2023.1:Merge (Activity)

From Grooper Wiki
Revision as of 11:46, 28 August 2024 by Randallkinard (talk | contribs) (Randallkinard moved page Merge (Activity) to 2023.1:Merge (Activity))

This article is about an older version of Grooper.

Information may be out of date and UI elements may have changed.

20252023.1

file_save Merge is an Activity that creates a PDF, TIF, XML or ZIP file from the page and data content of a Batch Folder and saves it to that Batch Folder.

You may download the ZIP(s) below and upload it into your own Grooper environment (version 2023.1). The first contains one or more Batches of sample documents. The second contains one or more Projects with resources used in examples throughout this article.

About

So, you've gone through the first 4 phases of Grooper: Aquire, Condition, Organize, and Collect.

You have extracted data from your documents and you want to now build a document. The Export activity can build the document and export it outside of grooper all in one step. However, you might have a desire to build the document before executing the Export step in your Batch Process. You can do this with the Merge activity.
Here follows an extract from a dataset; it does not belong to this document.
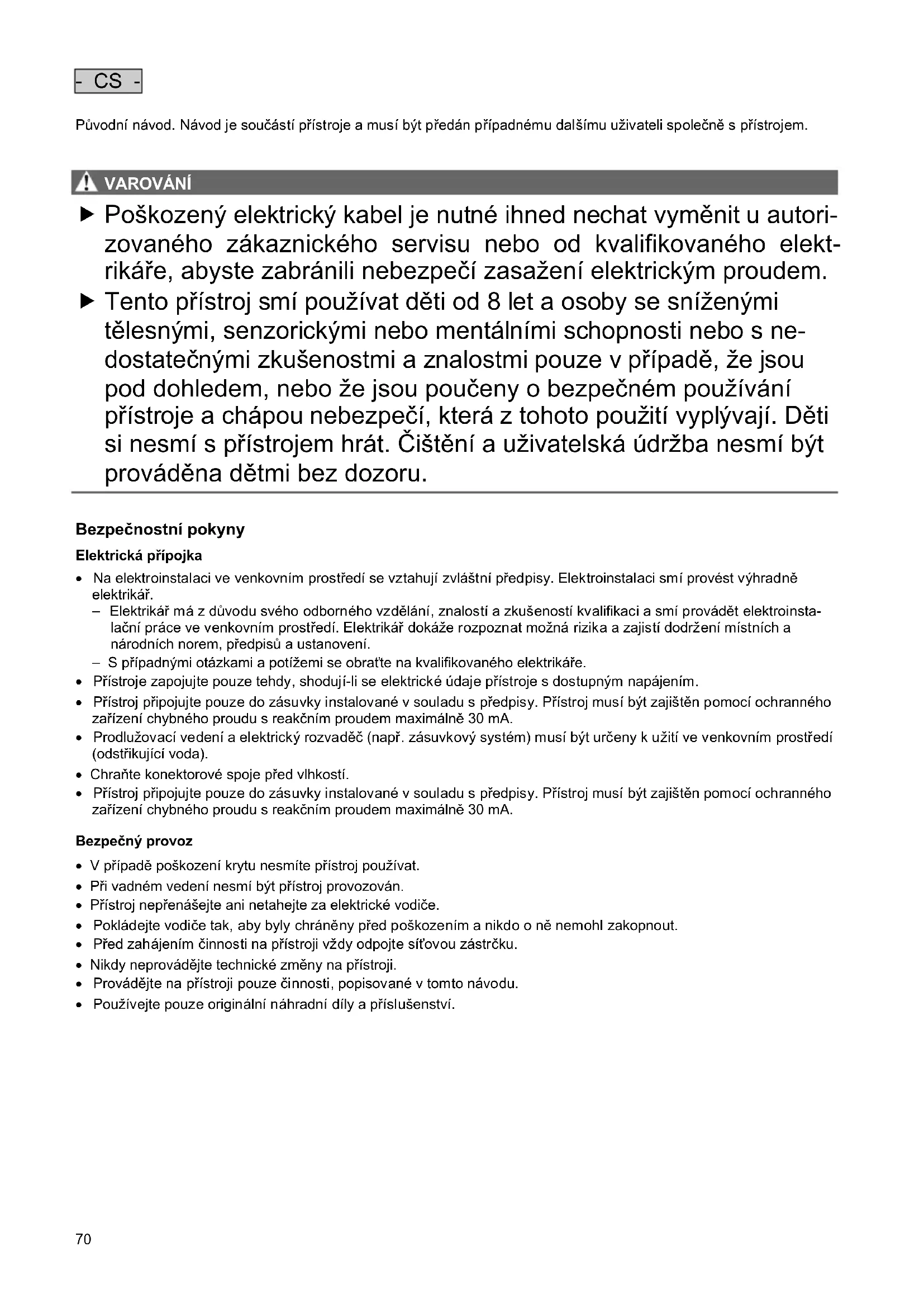 VAROV ÁNÍ VAROVÁNÍ Poškozený elektrický kabel je nutné ihned nechat vyměnit u autori- zovaného zákaznického servisu nebo od kvalifikovaného elekt- rikáře, abyste zabránili nebezpečí zasažení elektrickým proudem. Tento přístroj smí používat děti od 8 let a osoby se sníženými tělesnými, senzorickými nebo mentálními schopnosti nebo s ne- dostatečnými zkušenostmi a znalostmi pouze v případě, že jsou pod dohledem, nebo že jsou poučeny o bezpečném používání přístroje a chápou nebezpečí, která z tohoto použití vyplývají. Děti si nesmí s přístrojem hrát. Čištění a uživatelská údržba nesmí být prováděna dětmi bez dozoru.

The Merge activity builds a document from the Pages in a Batch and saves that document to the Batch Folder. You can choose to build your document in a specific format such as a PDF or TIFF file. You can also automatically rename the documents as they're built.

Three Ways to Name

There are three different ways to name the final Merged file: Use the Custom Filename property, use the Attachment Name property, or use the default naming settings.

The most important difference among these methods is whether or not Grooper creates a new file and attaches that new file to the Batch Folder leaving the original content intact, or whether it overwrites the main content of the Batch Folder.
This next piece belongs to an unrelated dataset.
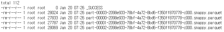 기본적으로 압축이 되지만 snappy로 압축되었는데 splittable한 압축이며 블록 단위로 나눌 수 있는 유용한 방식입니다.

Which method is best depends on your specific company needs, so choose the option that best applies to your use case. We will go over how to set all of this up in the How To section of this article.

How To

The Merge activity is applied to a Batch via a Batch Process Step. The following tutorial will show you how to add the Batch Process Step and how to configure the Merge activity.

Creating the Batch Process Step

The first thing we need to do is add a Merge Batch Process Step to our Batch Process and set the Scope at which the step will run.

  1. Right-click on the Batch Process.
  2. Hover over "Add Activity", then hover over "Transform". Finally, Click on "Merge..."
  3. When the "Add Activity" window pops up, feel free to change the name of the step in the Step Name property. For this tutorial we will be using the default of "Merge".
  4. Click "EXECUTE" located in the top right hand corner of the pop up window.


  1. Now you should have a Merge step in your Batch Process.
  2. Your scope should be set to the Folder Level containing the pages that will be combined into a document. In our case that is Folder Level 1, so we have set the Scope property to Folder and the Folder Level property to 1.


Configuring the Merge Activity

Now that we have our Batch Process Step in our Batch Process we need to configure the Step to tell Grooper how to Merge the pages.

  1. Click the hamburger icon to the right of the Merge Format property in the rightmost property grid and select the desired file type from the drop down list. For this tutorial, we will select PDF.


  1. You can set a name for the resulting merged document using either the Custom Filename or Attachment Name property. Ignore the Save As property as it is currently broken in 2023 and 2023.1.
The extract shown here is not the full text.